A party who agrees to arbitrate cannot avoid an adverse arbitration award by ignoring the arbitration proceedings. Merchant Cash & Capital, LLC v. Ko, Case No. 14 Civ. 659(KPF) (S.D.N.Y. June 19, 2015).
Ko operated an auto body shop. He contracted with Merchant Cash, a company that purchases receivables from other businesses, taking $140,000 in exchange for his agreement to turn over $163,800 of his sales to Merchant Cash. As required by the parties’ agreement, Ko opened a designated bank account and used a special credit card processing company for his business transactions. After turning over approximately $5,500 of his sales receivables to Merchant Cash, Ko abruptly closed the bank account, stopped using the credit card terminal, and refused to make further payments to Merchant Cash.
Merchant Cash filed a breach of contract lawsuit. Following the parties’ agreement to arbitrate, the court entered an order staying the lawsuit pending arbitration before the AAA. After initial arbitration pleadings had been filed, Ko’s attorney withdrew as Ko’s counsel. The arbitrator issued orders urging Ko to obtain new counsel and advising him that if Ko chose not to participate in the arbitration, the matter might be heard and an award granted anyway.

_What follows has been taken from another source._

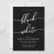 Convites de festas adultos, negros e brancos. Convites de festas modernos e na moda apresentam texto de script fluindo. Este é um convite excelente para festas de solteira, festas de cocktail, festas de adultos e muito mais! Outros materiais de festa e decorações estão disponíveis em Metro-Event.com e em Metro-Events no Zazzle.
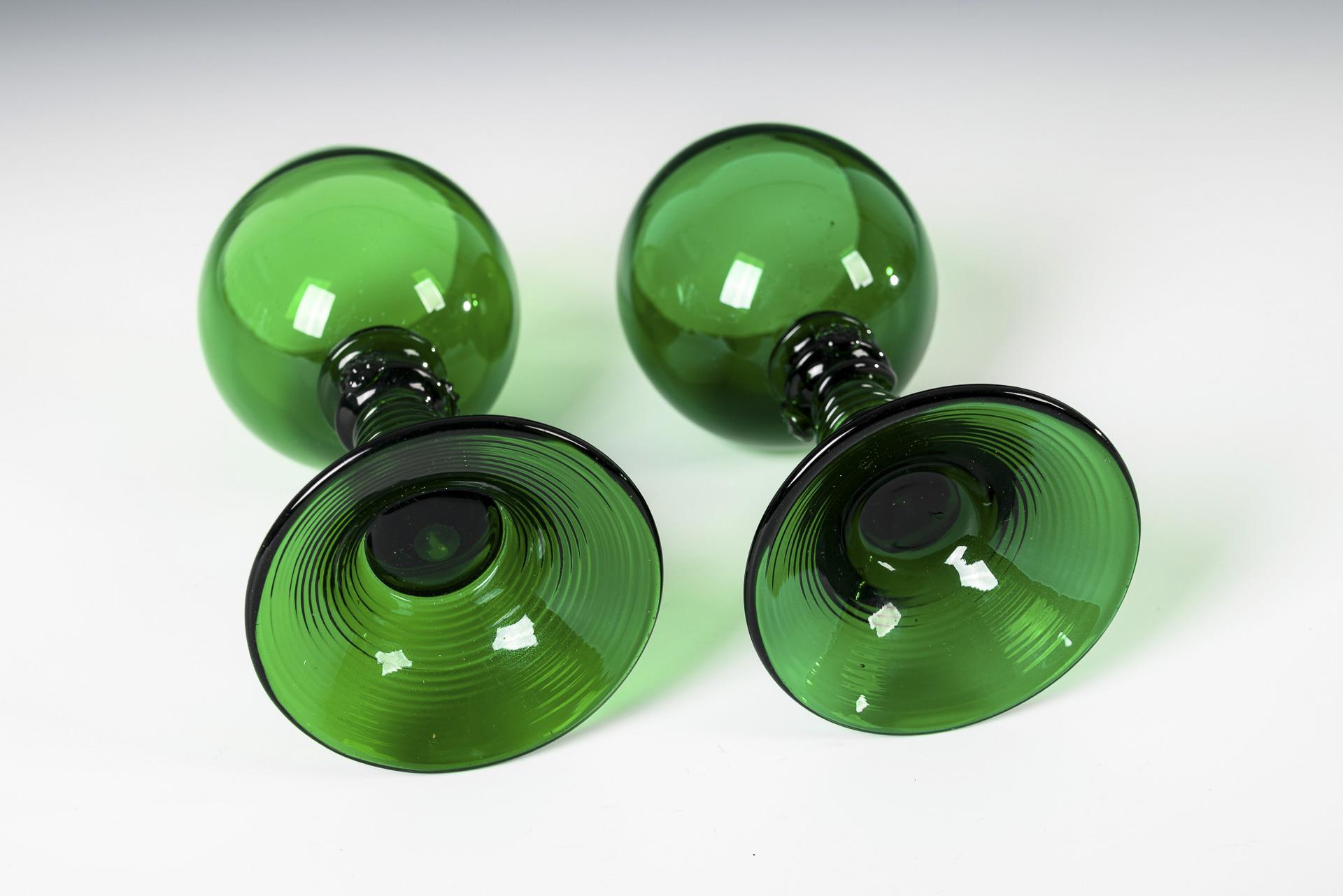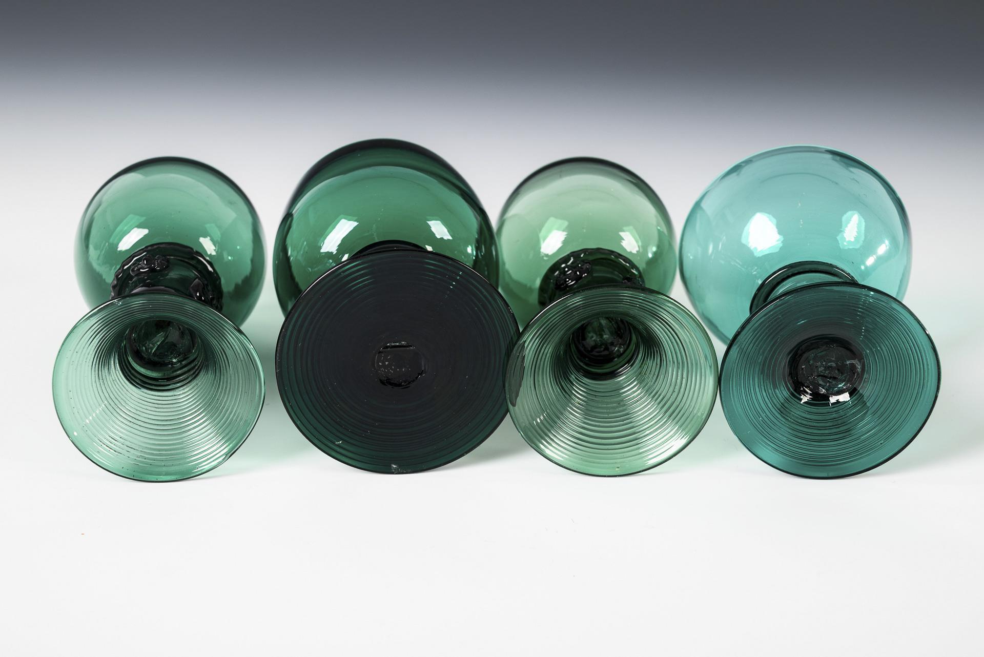 Various dark green glass. H 9.5-15 cm. 950 g.

Ko did not respond to the arbitrator’s orders, nor to subsequent communications regarding discovery and other matters related to the proceedings. The arbitrator notified Ko of preliminary hearings, sought opposition papers from him, and scheduled the final hearing. Ko did not participate in any part of the arbitration.
After considering what evidence he had before him, the arbitrator awarded the outstanding balance to Merchant Cash. Merchant Cash then returned to court and filed a motion for summary judgment confirming the arbitrator’s award. Ko did not oppose the motion or otherwise appear in the litigation.
The court examined Merchant Cash’s submission in depth even though Ko had failed to respond. The court noted that a high showing is needed to avoid summary confirmation of an arbitration award, such as one of the four statutory bases enumerated in the FAA, or that the arbitrator has acted in manifest disregard of the law.
The court held that Ko did not contest the facts set forth in the petition to confirm the award, the arbitrator did his best to include both parties in the arbitration proceedings, and had even provided a reasoned decision for his award, and none of the grounds for vacating the award under the FAA were present. Because both parties had an opportunity to participate fully in the arbitration and Ko had not challenged the award’s legal sufficiency, the court granted Merchant Cash’s motion for summary judgment and entered judgment against Ko in accordance with the arbitrator’s award.
Practice Pointer: Parties ignore arbitration proceedings at their peril. Refusing to participate in an arbitration will not prevent an arbitration award against that party once it has agreed to arbitrate. Given courts’ great deference to arbitration awards, it is essential for a respondent to present its defense on the merits during the arbitration.